FARMERS across the UK are to be allowed to maintain ditches on their land, following an announcement by Defra secretary Elizabeth Truss at the Oxford Farming Conference.

Ms Truss said: "Subject to parliamentary approval, we will allow farmers across the country to maintain ditches up to 1.5km long from April, so they can dredge and clear debris and manage the land to stop it getting waterlogged. This follows the successful pilots we started two years ago."

Ms Truss described the measures as "getting rid of red tape". However, critics have said that unregulated clearing of watercourses on farmland is likely to increase the flow of water into built-up areas downstream.

Ms Truss also mooted proposals to give internal drainage boards and other groups more power to maintain local watercourses, and spoke of plans to streamline the agencies which currently deliver countryside services.

Her comments were welcomed by groups such as the NFU and the CLA.

Christopher Price, director of policy at the CLA, said: "We welcome the sensible approach of aligning the Environment Agency and Natural England and support in principle the drive towards further de-centralisation of decision making to farmers and local communities."

On flooding, Ms Truss said: "There is no single answer to improve our resilience to flooding." She mentioned tree-planting, dredging and "improved defences".

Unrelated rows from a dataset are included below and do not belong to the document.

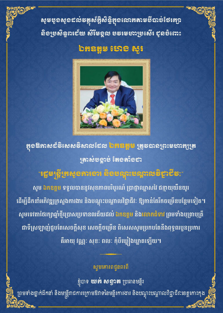 សារលិខិតជូនពរ ឯកឧត្តម ហេង សួរ ចូលកាន់តំណែងជា រដ្ឋមន្ត្រីក្រសួងការងារ និងបណ្ដុះបណ្ដាលវិជ្ជាជីវ:
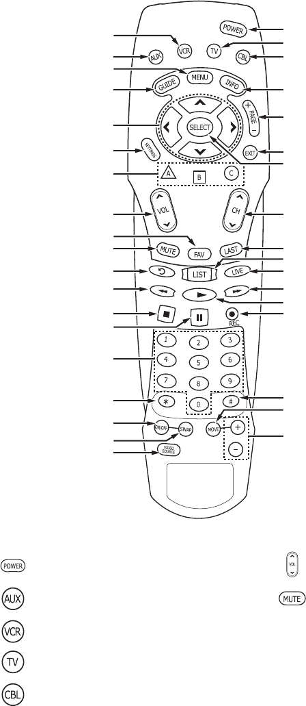 across the top of the remote. These keys, known as mode keys, are labeled CBL, TV,
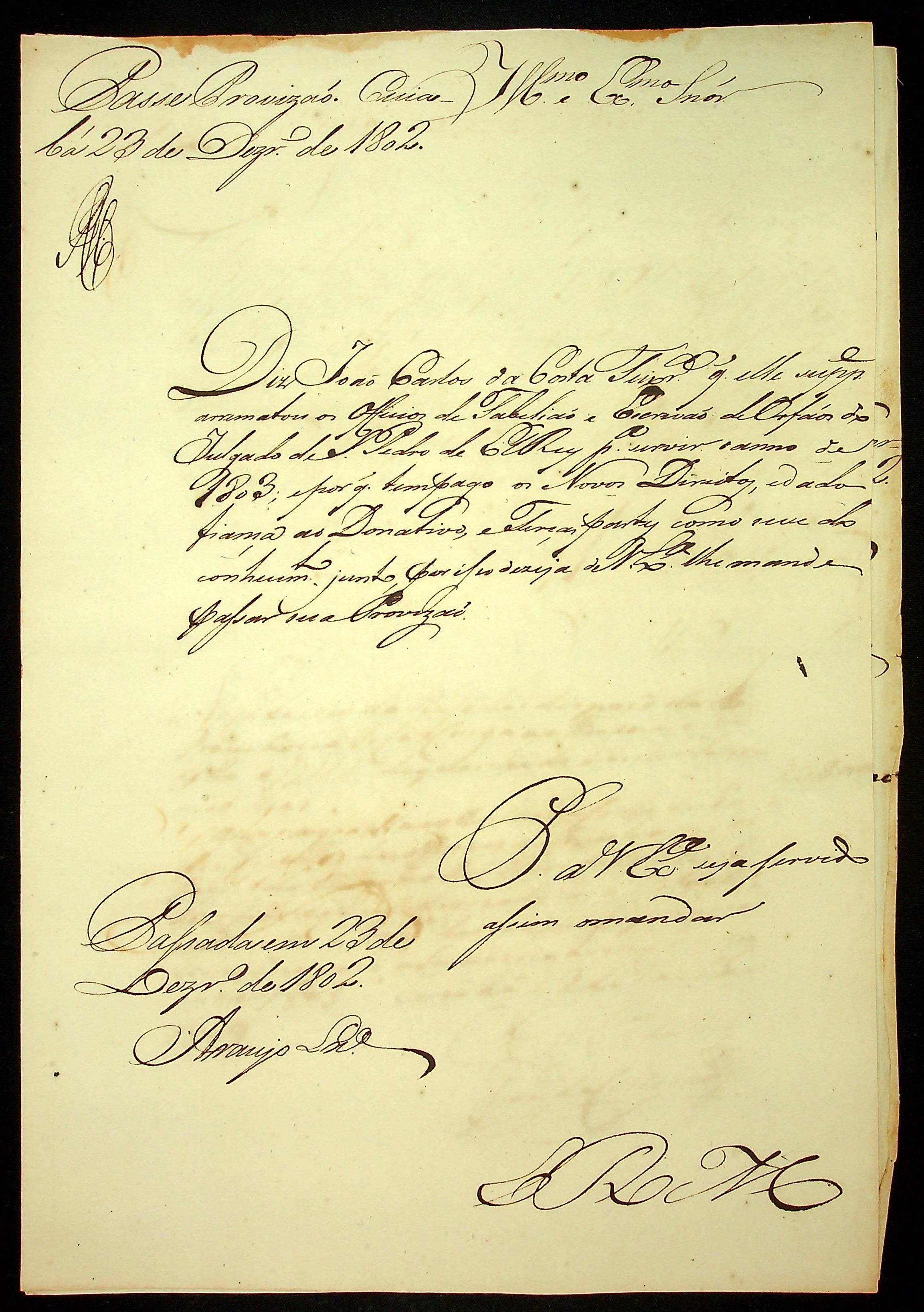 REQUERIMENTO de João Carlos da Costa Teixeira ao [Governador e Capitão General da Capitania de Mato Grosso Caetano Pinto de Miranda Montenegro] pelo ofício de Tabelião e Escrivão dos Órfãos do Julgado de São Pedro Del Rei.
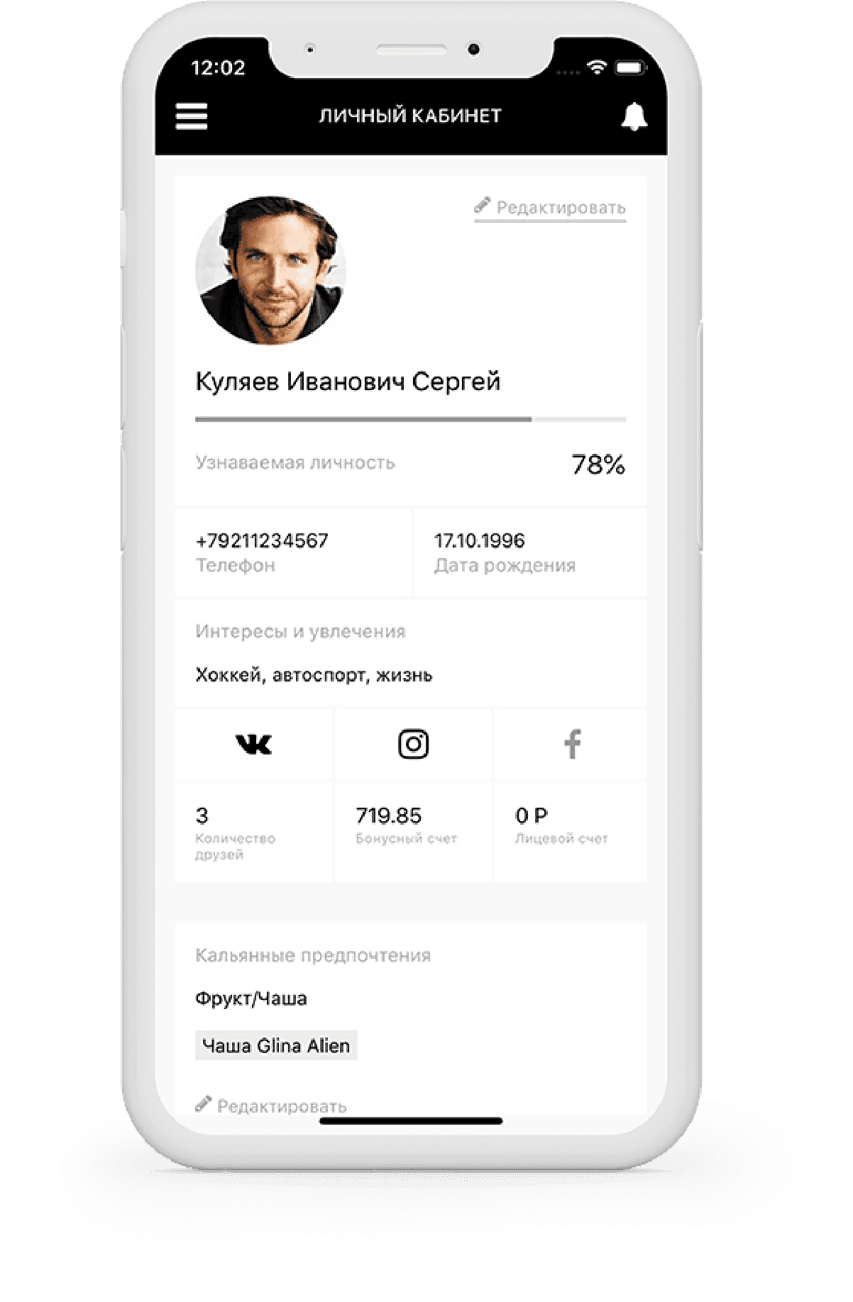 Мобильное приложение для известной кальянной сети Санкт-Петербурга, позволяющее гостям взаимодействовать с личным кабинетом, бонусным счетом, бронировать столик, а также управлять устройствами освещения.
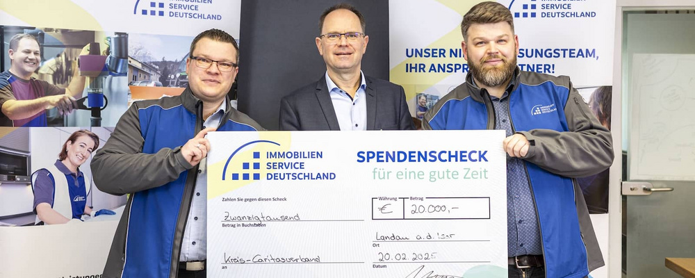 Niederlassungsleiter Fabian Franz Rücker und Regionalleiter Bayern Marcel Böhm überreichten dem Geschäftsführenden Vorstand des Kreis-Caritasverbandes Martin Hohenberger einen Spendencheck in Höhe von 20.000, - Euro. Mit solch einer hohen Spendensumme hatte der Kreis-Caritasverband Landau a. d. Isar nicht gerechnet.
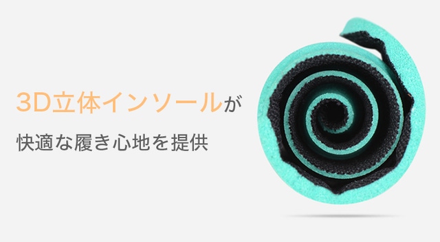 高弾力の3D立体インソールが長時間の歩行や立ち仕事でも快適な履き心地を提供します。
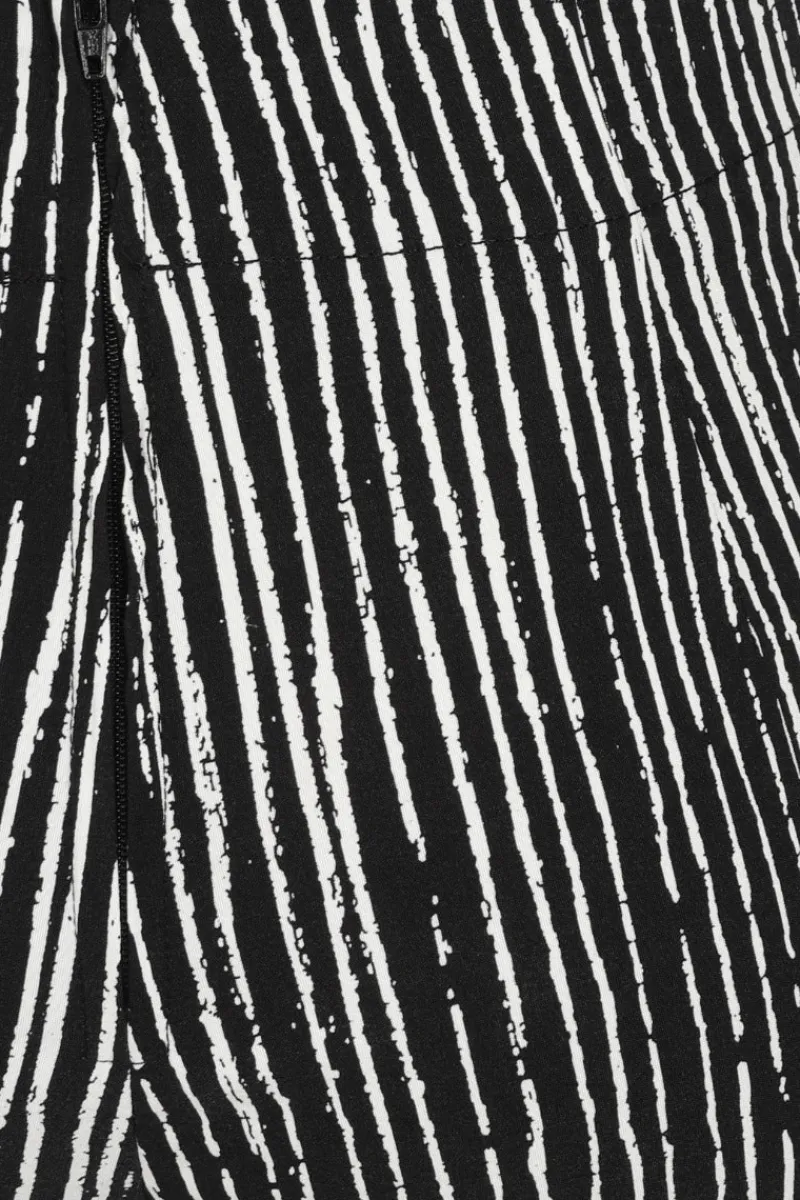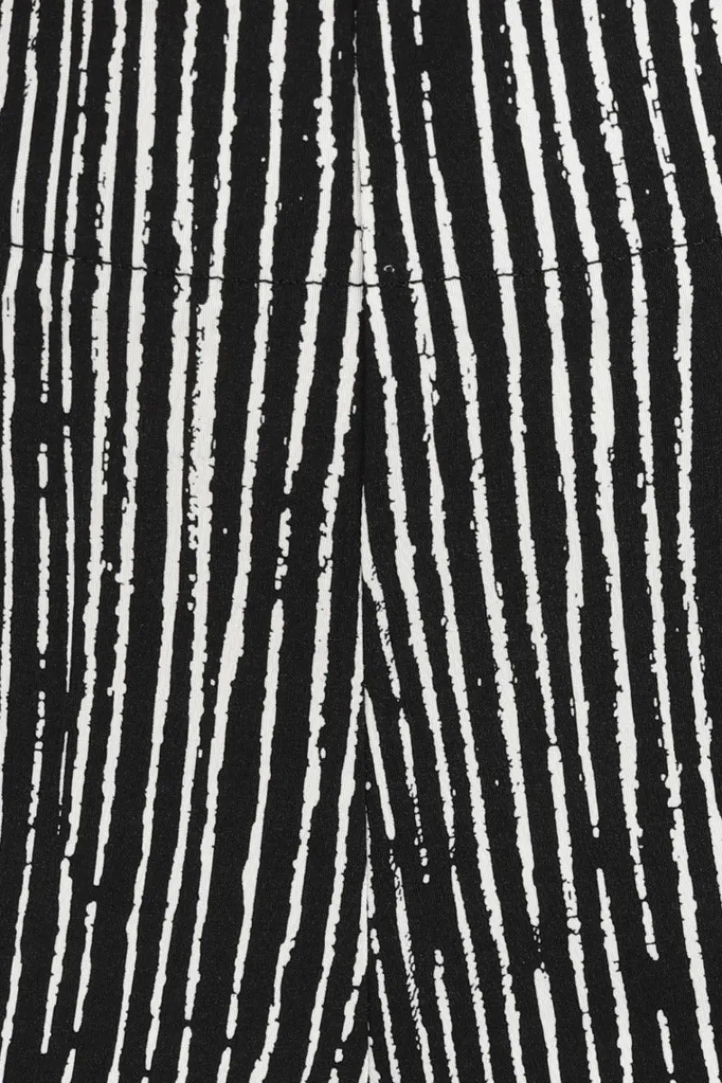- Black figure-hugging capris decorated with white scratch mark stripes
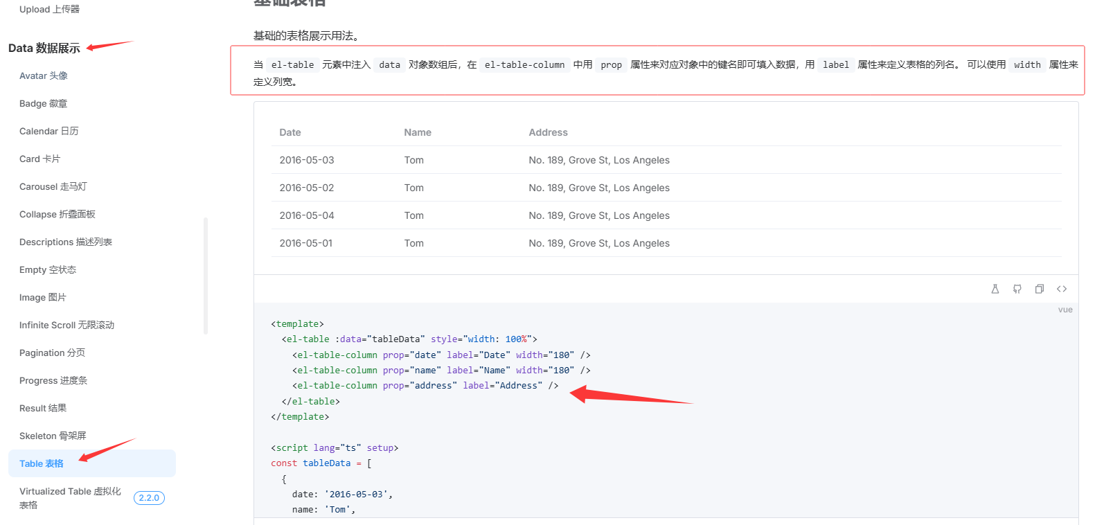 <el-table-column prop="address" label="Address" />

She also talked about the new Natural Capital Committee which "will, as part of its remit, look at catchment management and upstream solutions to flooding, learning from innovative programmes like Slowing the Flow in Pickering, which works with nature to reduce risk".

The Government have put in place a six-year plan on flood defences. It is Ms Truss's intention to protect more farmland from flooding.

"Over this decade we will be protecting an additional million acres," she said. "580,000 in the last parliament, and a further 420,000 by 2021."